[DATA SUPPLIED Boundary: Start]
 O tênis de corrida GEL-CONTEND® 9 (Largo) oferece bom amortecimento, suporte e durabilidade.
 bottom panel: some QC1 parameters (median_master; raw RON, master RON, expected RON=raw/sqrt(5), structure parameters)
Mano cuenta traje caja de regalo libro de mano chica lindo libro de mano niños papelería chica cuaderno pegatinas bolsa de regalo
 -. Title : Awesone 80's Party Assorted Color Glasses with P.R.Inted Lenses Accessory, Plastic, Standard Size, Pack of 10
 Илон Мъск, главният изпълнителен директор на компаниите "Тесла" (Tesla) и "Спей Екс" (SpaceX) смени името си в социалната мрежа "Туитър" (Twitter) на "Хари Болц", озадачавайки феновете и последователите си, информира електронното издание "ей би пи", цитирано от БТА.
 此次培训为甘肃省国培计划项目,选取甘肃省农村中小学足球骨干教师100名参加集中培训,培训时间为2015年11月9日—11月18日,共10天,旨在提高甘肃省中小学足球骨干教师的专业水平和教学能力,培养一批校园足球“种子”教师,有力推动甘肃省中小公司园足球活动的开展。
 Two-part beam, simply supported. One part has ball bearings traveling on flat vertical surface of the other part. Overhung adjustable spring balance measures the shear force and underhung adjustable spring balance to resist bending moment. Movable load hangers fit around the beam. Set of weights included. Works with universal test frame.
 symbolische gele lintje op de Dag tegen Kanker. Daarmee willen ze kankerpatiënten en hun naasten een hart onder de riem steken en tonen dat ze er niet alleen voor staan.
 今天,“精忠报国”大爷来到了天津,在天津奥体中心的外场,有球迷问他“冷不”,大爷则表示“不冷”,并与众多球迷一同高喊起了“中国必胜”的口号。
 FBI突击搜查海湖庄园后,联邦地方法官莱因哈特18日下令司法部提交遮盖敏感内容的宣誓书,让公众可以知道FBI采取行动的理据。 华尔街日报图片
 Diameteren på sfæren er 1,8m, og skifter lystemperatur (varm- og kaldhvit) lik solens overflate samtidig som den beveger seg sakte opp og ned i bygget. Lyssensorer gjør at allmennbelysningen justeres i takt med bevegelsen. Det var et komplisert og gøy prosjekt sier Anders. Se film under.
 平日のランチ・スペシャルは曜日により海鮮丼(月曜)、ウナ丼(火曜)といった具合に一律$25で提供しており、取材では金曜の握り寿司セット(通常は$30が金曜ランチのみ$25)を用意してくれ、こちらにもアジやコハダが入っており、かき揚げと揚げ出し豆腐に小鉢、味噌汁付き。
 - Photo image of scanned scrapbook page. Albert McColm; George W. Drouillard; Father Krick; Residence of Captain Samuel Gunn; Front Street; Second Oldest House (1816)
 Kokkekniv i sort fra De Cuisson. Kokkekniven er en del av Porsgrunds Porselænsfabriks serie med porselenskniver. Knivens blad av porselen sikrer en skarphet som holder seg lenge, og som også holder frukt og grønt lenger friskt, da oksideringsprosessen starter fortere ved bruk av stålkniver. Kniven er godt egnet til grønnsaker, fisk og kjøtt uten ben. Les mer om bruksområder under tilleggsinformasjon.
[DATA SUPPLIED Boundary: End]
WHAT TO WORK ON >>
Return, please, the lines of the data from the first through the line containing "Two-part beam, simply", both kept, exactly as they stand and nothing more.

COMPLETED TASK >>
 O tênis de corrida GEL-CONTEND® 9 (Largo) oferece bom amortecimento, suporte e durabilidade.
 bottom panel: some QC1 parameters (median_master; raw RON, master RON, expected RON=raw/sqrt(5), structure parameters)
Mano cuenta traje caja de regalo libro de mano chica lindo libro de mano niños papelería chica cuaderno pegatinas bolsa de regalo
 -. Title : Awesone 80's Party Assorted Color Glasses with P.R.Inted Lenses Accessory, Plastic, Standard Size, Pack of 10
 Илон Мъск, главният изпълнителен директор на компаниите "Тесла" (Tesla) и "Спей Екс" (SpaceX) смени името си в социалната мрежа "Туитър" (Twitter) на "Хари Болц", озадачавайки феновете и последователите си, информира електронното издание "ей би пи", цитирано от БТА.
 此次培训为甘肃省国培计划项目,选取甘肃省农村中小学足球骨干教师100名参加集中培训,培训时间为2015年11月9日—11月18日,共10天,旨在提高甘肃省中小学足球骨干教师的专业水平和教学能力,培养一批校园足球“种子”教师,有力推动甘肃省中小公司园足球活动的开展。
 Two-part beam, simply supported. One part has ball bearings traveling on flat vertical surface of the other part. Overhung adjustable spring balance measures the shear force and underhung adjustable spring balance to resist bending moment. Movable load hangers fit around the beam. Set of weights included. Works with universal test frame.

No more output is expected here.